Democrat Kweisi Mfume wins House seat in Maryland special election

Tribune Content Agency

BALTIMORE — Democrat Kweisi Mfume won the first election in Maryland since the coronavirus pandemic, prevailing in a mostly vote-by-mail contest to reclaim a Baltimore-area congressional seat he held for 10 years before his late friend Elijah Cummings.

By defeating Republican commentator and nonprofit founder Kimberly Klacik, Mfume, 71, will fill the remainder of Cummings’ term, ending Jan. 3.

He is also on a June primary ballot — along with Klacik and others — for candidates seeking a full, two-year term in the 7th Congressional District.

State elections officials on Tuesday night released the results from ballots received by mail through Monday, with Mfume leading 73% to 27%.

An unknown number of ballots remained outstanding. The state mailed ballots to 482,728 eligible registered voters and reported receiving back 110,524 so far (they must be postmarked by Tuesday). So, while the results the state released Tuesday accounted for 107,740 votes, another 3,788 from mailed-in ballots and in-person voting remained to be counted, along with any other ballots that could still arrive by the deadline of May 8.

But Democrats hold a commanding, 4-1 voter registration advantage in the district. And of all the mailed-in ballots received, more than 74,000 were from registered Democrats. Even if Klacik won the 23,118 GOP voters ballots mailed in so far, along with the 12,500 from voters of other parties, she would not take the lead from Mfume, and there was no reason to believe she would receive enough crossover support for the trend to change.

With Gov. Larry Hogan’s state of emergency and stay-at-home orders in effect, voters were encouraged by elections officials to mail in ballots. However, several voters said Tuesday they came to vote in person —there were three sites — because they were concerned their completed ballots would get lost in the mail.

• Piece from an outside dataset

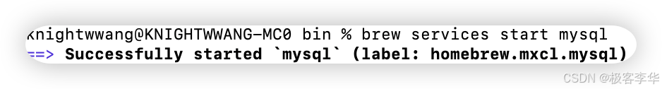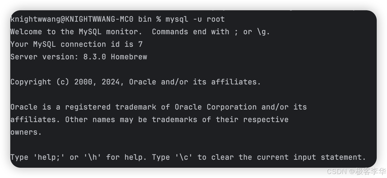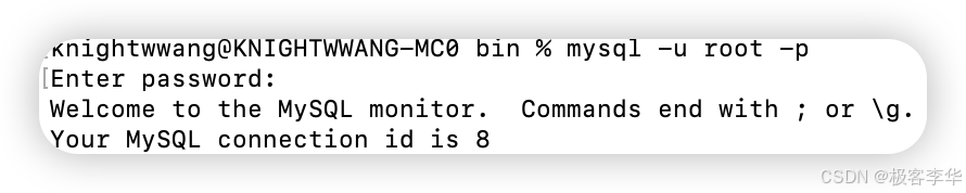 连接到MySQL: 在另一个终端窗口中,使用以下命令连接到MySQL服务器:
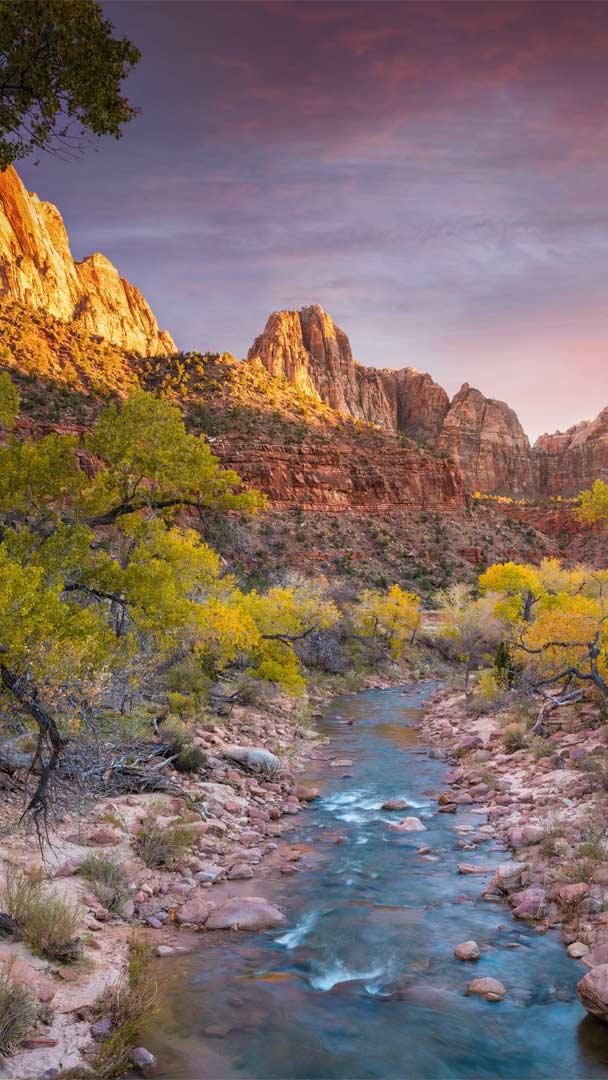 历经百年的锡安国家公园 犹他州锡安国家公园的维尔京河,美国 (© Jonathan Ross/Getty)

Signs at the voting centers advised voters to keep 6 feet apart, and mask-wearing campaign volunteers waved signs at voters rather than approach them. Election judges — some considered high risk because of their age — sat behind plastic shields, wearing protective gear.

In Howard County, plastic bags containing a surgical mask, pen and sticker were given to voters as they entered the polling site at the county fairgrounds in West Friendship. Hand sanitizer was available and in use.

At the Martin’s West catering hall off Interstate 695, the Baltimore County polling place, each voter was given their own pen to mark their ballot, rather than circulating pens among many people.

In Baltimore City, judges wore gloves, face shields and masks, while still handing the traditional “I Voted” stickers to voters. The high school’s hallways were marked with tape at 6-foot intervals in case lines formed.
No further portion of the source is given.